• **Activity**
Using the data below, restate exactly every line from the one with "4. Enter the" up to and including the one with "Al piano terra, un". No picture belongs in it.

• **Provided material**

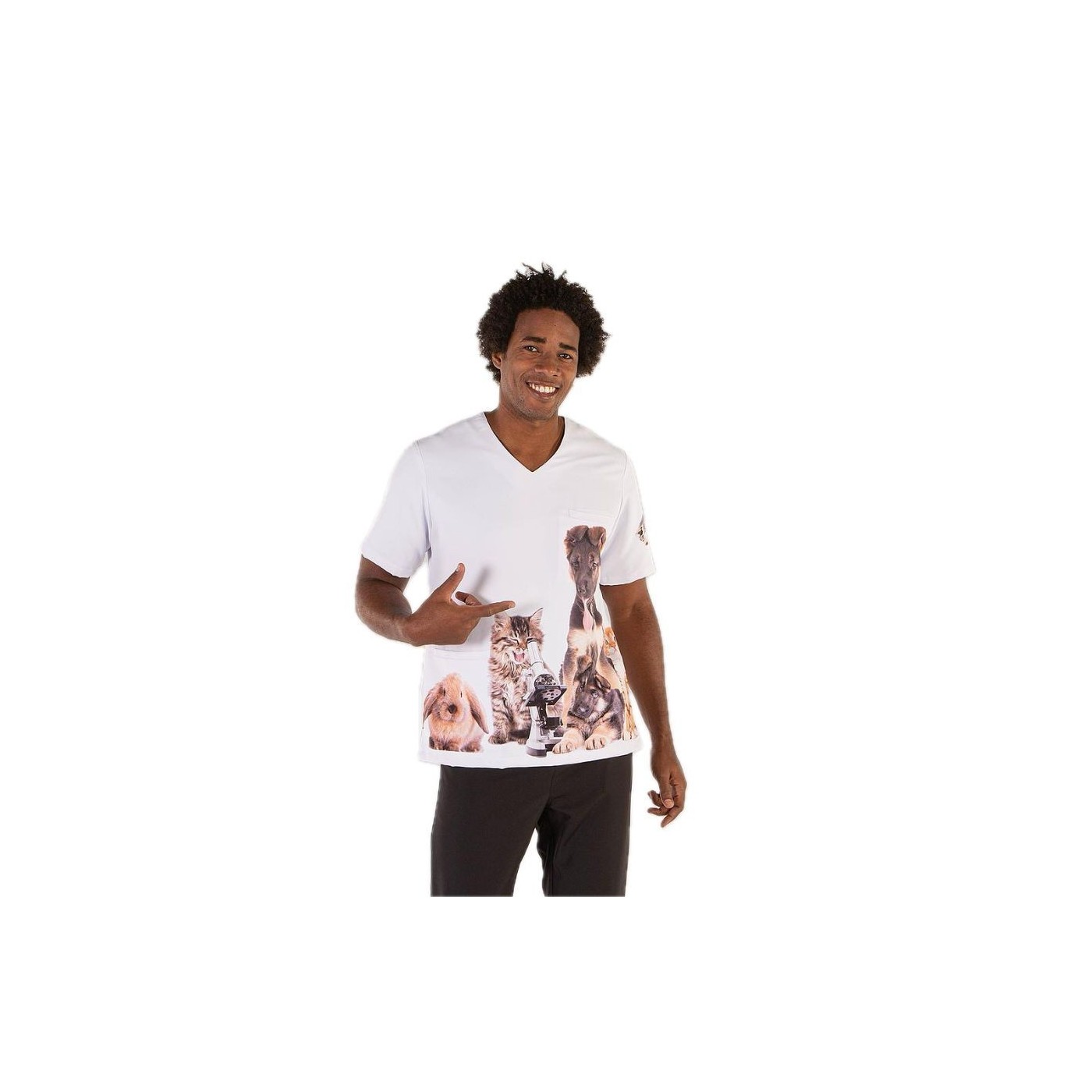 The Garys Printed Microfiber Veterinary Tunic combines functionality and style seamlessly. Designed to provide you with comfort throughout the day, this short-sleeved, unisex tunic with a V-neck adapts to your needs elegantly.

---

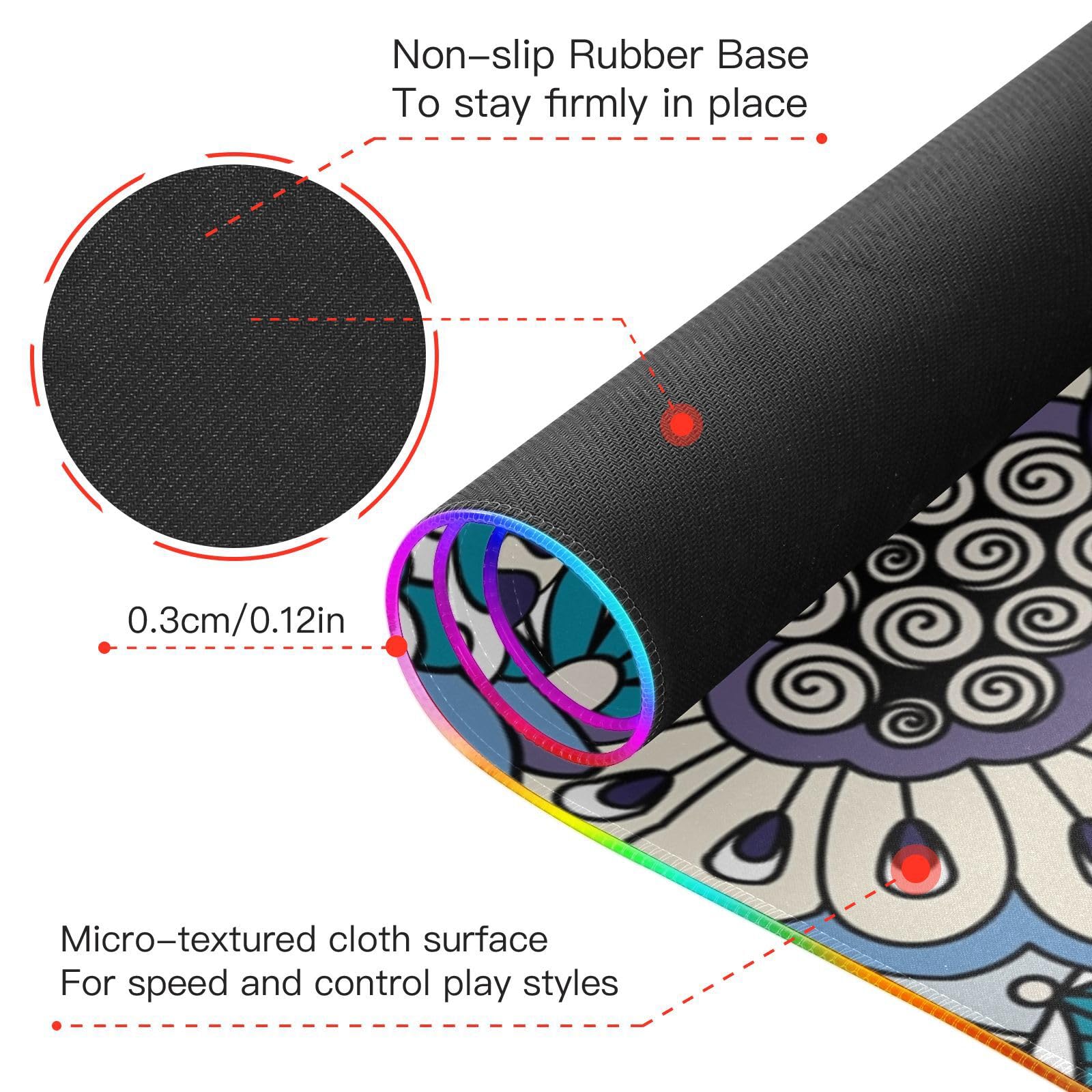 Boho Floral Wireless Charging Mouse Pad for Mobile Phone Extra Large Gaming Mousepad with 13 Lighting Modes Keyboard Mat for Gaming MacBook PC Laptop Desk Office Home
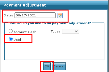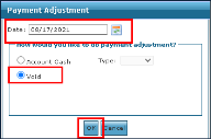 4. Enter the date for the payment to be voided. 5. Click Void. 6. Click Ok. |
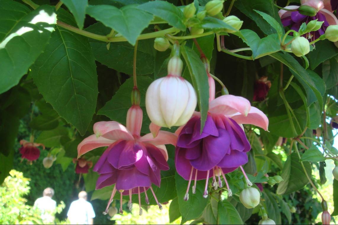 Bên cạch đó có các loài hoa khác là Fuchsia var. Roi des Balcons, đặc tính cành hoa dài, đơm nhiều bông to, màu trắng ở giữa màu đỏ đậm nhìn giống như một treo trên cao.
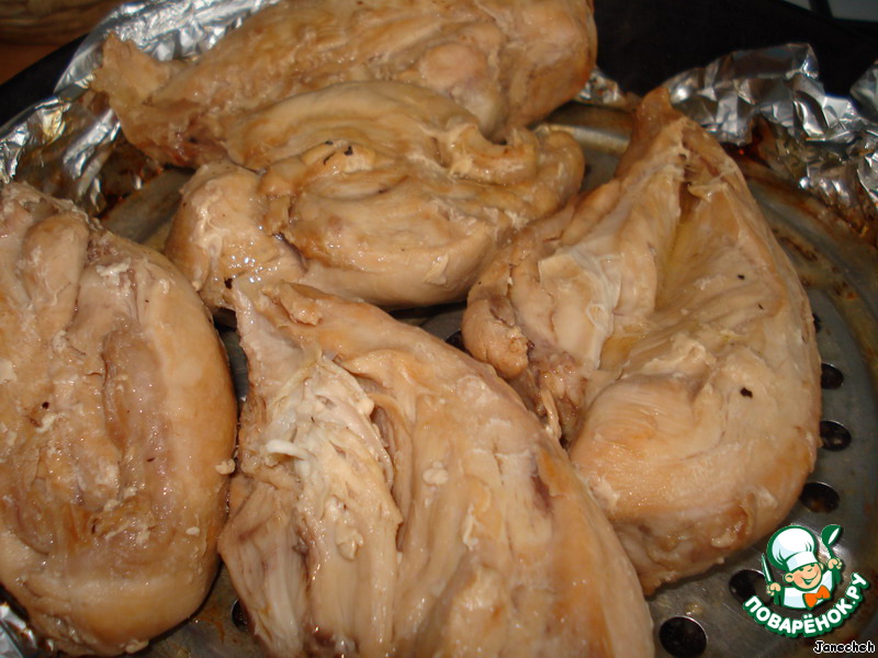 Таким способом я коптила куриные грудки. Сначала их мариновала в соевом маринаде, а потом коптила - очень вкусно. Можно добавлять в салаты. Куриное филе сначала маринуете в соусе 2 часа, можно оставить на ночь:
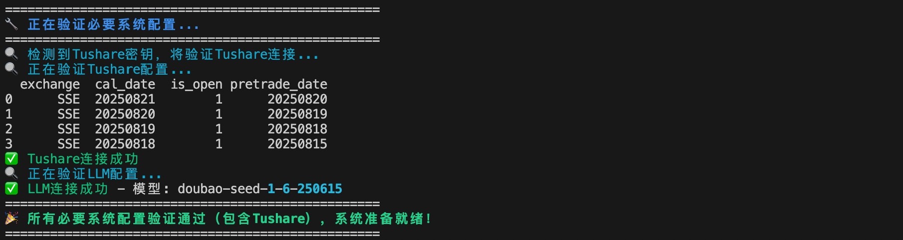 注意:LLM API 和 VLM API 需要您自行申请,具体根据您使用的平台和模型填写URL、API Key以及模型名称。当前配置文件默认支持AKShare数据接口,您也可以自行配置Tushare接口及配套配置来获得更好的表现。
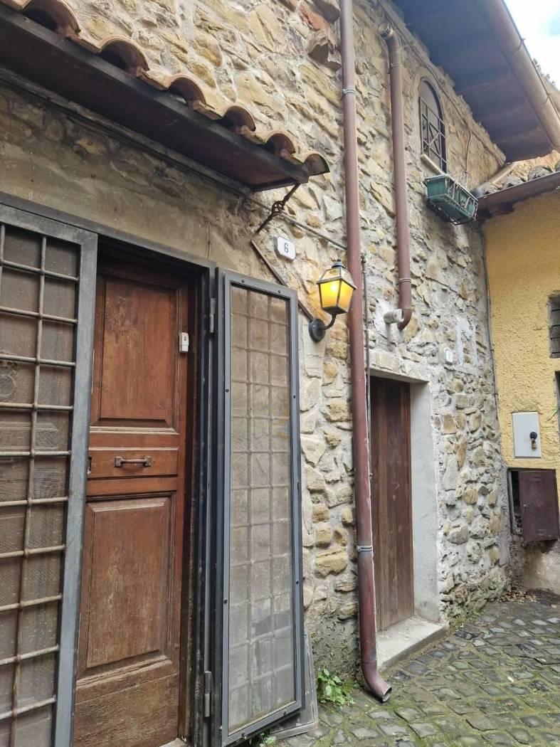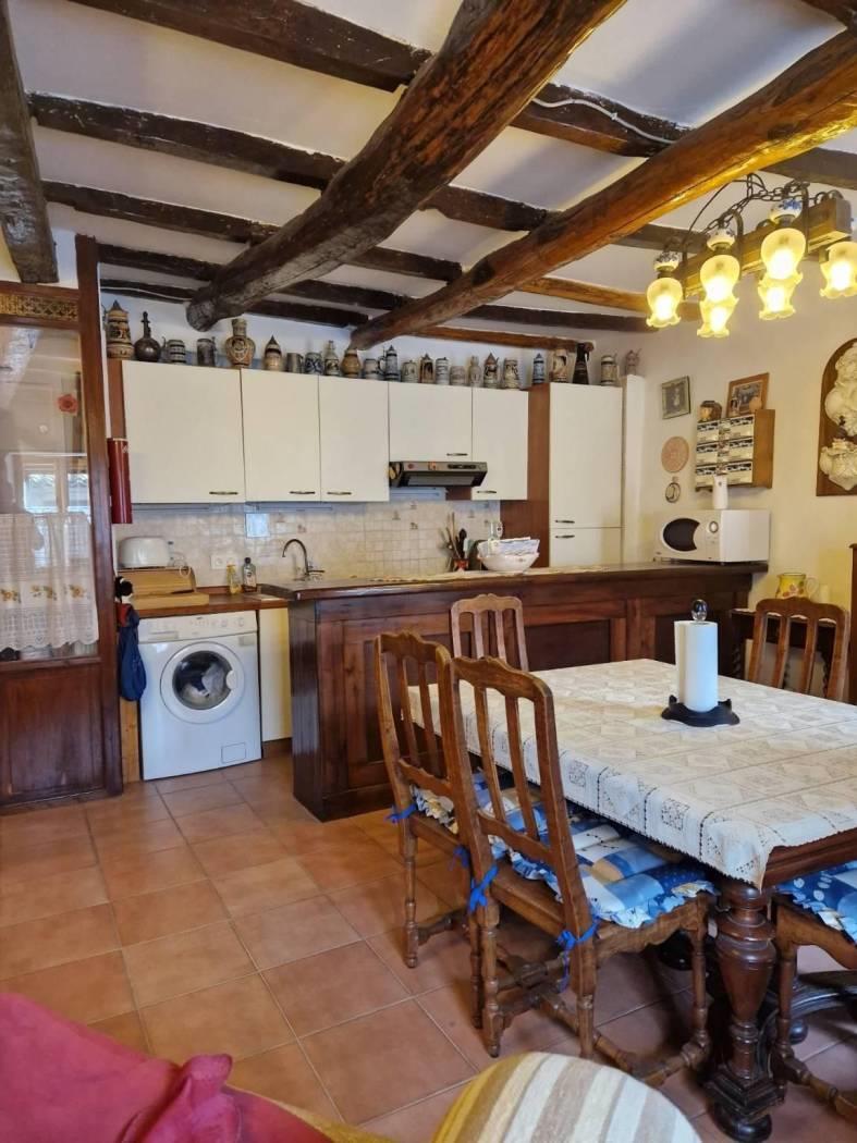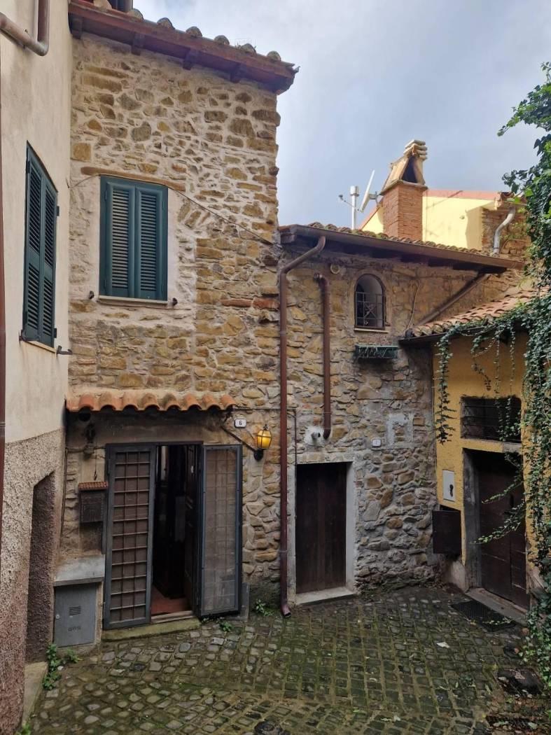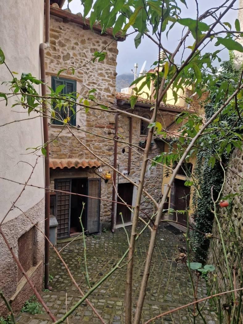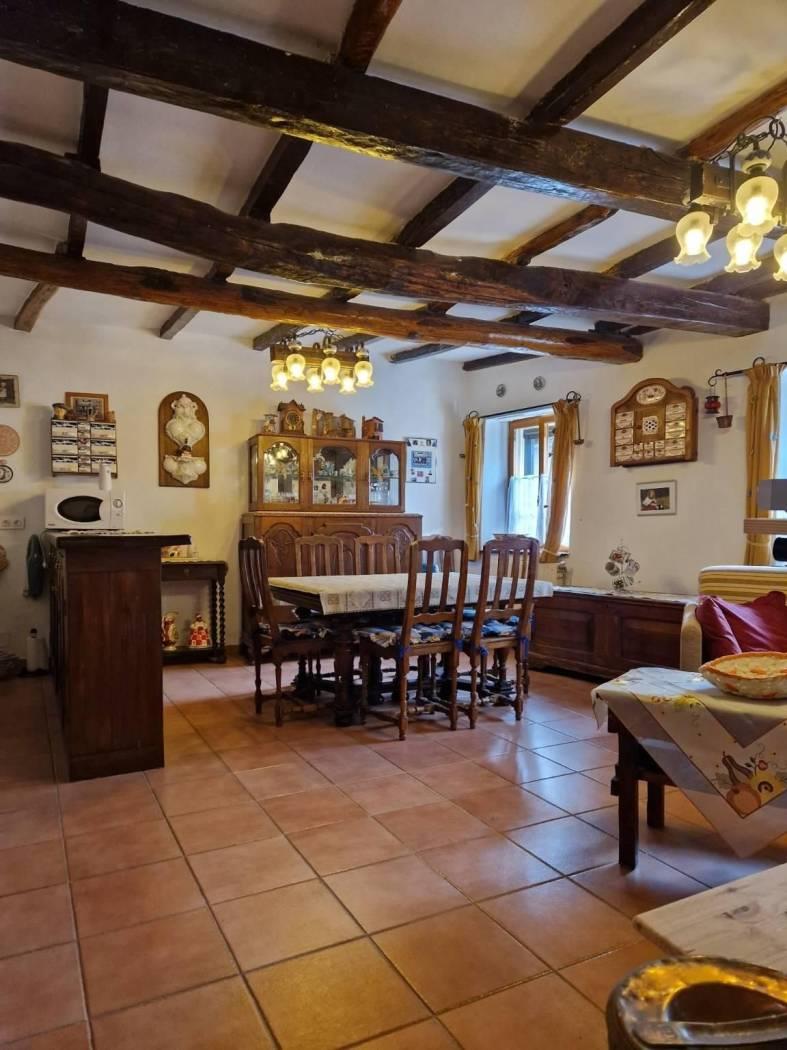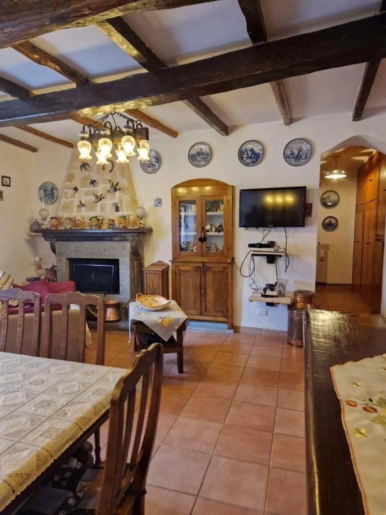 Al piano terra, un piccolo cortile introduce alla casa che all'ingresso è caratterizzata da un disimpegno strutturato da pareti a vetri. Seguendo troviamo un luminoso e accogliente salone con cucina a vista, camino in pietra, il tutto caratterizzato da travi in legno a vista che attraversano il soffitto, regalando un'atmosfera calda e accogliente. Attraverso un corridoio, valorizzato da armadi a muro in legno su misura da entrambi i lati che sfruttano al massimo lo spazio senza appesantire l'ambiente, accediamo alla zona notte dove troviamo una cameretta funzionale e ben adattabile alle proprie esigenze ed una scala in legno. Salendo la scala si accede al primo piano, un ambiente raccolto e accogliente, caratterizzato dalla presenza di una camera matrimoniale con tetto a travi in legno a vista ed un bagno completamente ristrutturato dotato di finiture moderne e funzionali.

...

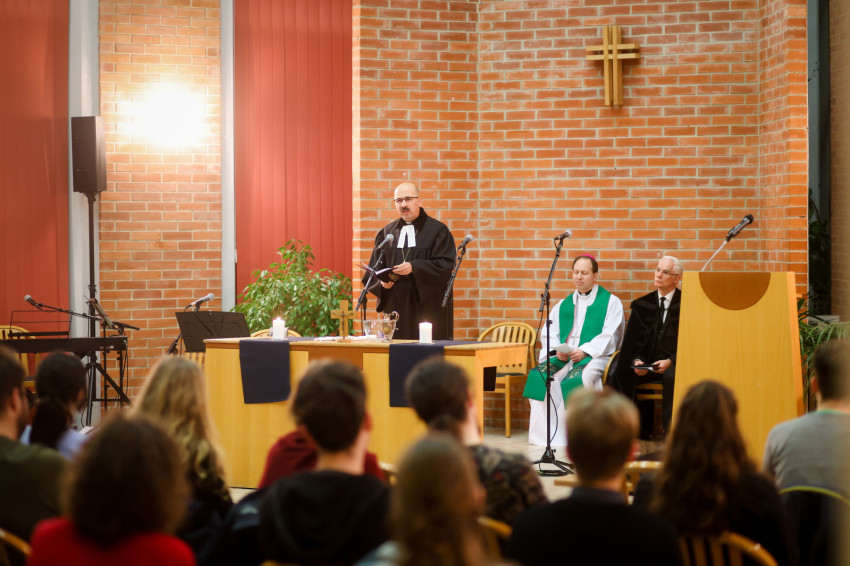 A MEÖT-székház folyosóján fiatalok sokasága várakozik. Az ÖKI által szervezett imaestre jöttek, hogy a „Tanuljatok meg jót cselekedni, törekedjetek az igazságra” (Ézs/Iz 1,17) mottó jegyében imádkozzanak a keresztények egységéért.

• **Exercise answer**
 4. Enter the date for the payment to be voided. 5. Click Void. 6. Click Ok. |
 Bên cạch đó có các loài hoa khác là Fuchsia var. Roi des Balcons, đặc tính cành hoa dài, đơm nhiều bông to, màu trắng ở giữa màu đỏ đậm nhìn giống như một treo trên cao.
 Таким способом я коптила куриные грудки. Сначала их мариновала в соевом маринаде, а потом коптила - очень вкусно. Можно добавлять в салаты. Куриное филе сначала маринуете в соусе 2 часа, можно оставить на ночь:
 注意:LLM API 和 VLM API 需要您自行申请,具体根据您使用的平台和模型填写URL、API Key以及模型名称。当前配置文件默认支持AKShare数据接口,您也可以自行配置Tushare接口及配套配置来获得更好的表现。
 Al piano terra, un piccolo cortile introduce alla casa che all'ingresso è caratterizzata da un disimpegno strutturato da pareti a vetri. Seguendo troviamo un luminoso e accogliente salone con cucina a vista, camino in pietra, il tutto caratterizzato da travi in legno a vista che attraversano il soffitto, regalando un'atmosfera calda e accogliente. Attraverso un corridoio, valorizzato da armadi a muro in legno su misura da entrambi i lati che sfruttano al massimo lo spazio senza appesantire l'ambiente, accediamo alla zona notte dove troviamo una cameretta funzionale e ben adattabile alle proprie esigenze ed una scala in legno. Salendo la scala si accede al primo piano, un ambiente raccolto e accogliente, caratterizzato dalla presenza di una camera matrimoniale con tetto a travi in legno a vista ed un bagno completamente ristrutturato dotato di finiture moderne e funzionali.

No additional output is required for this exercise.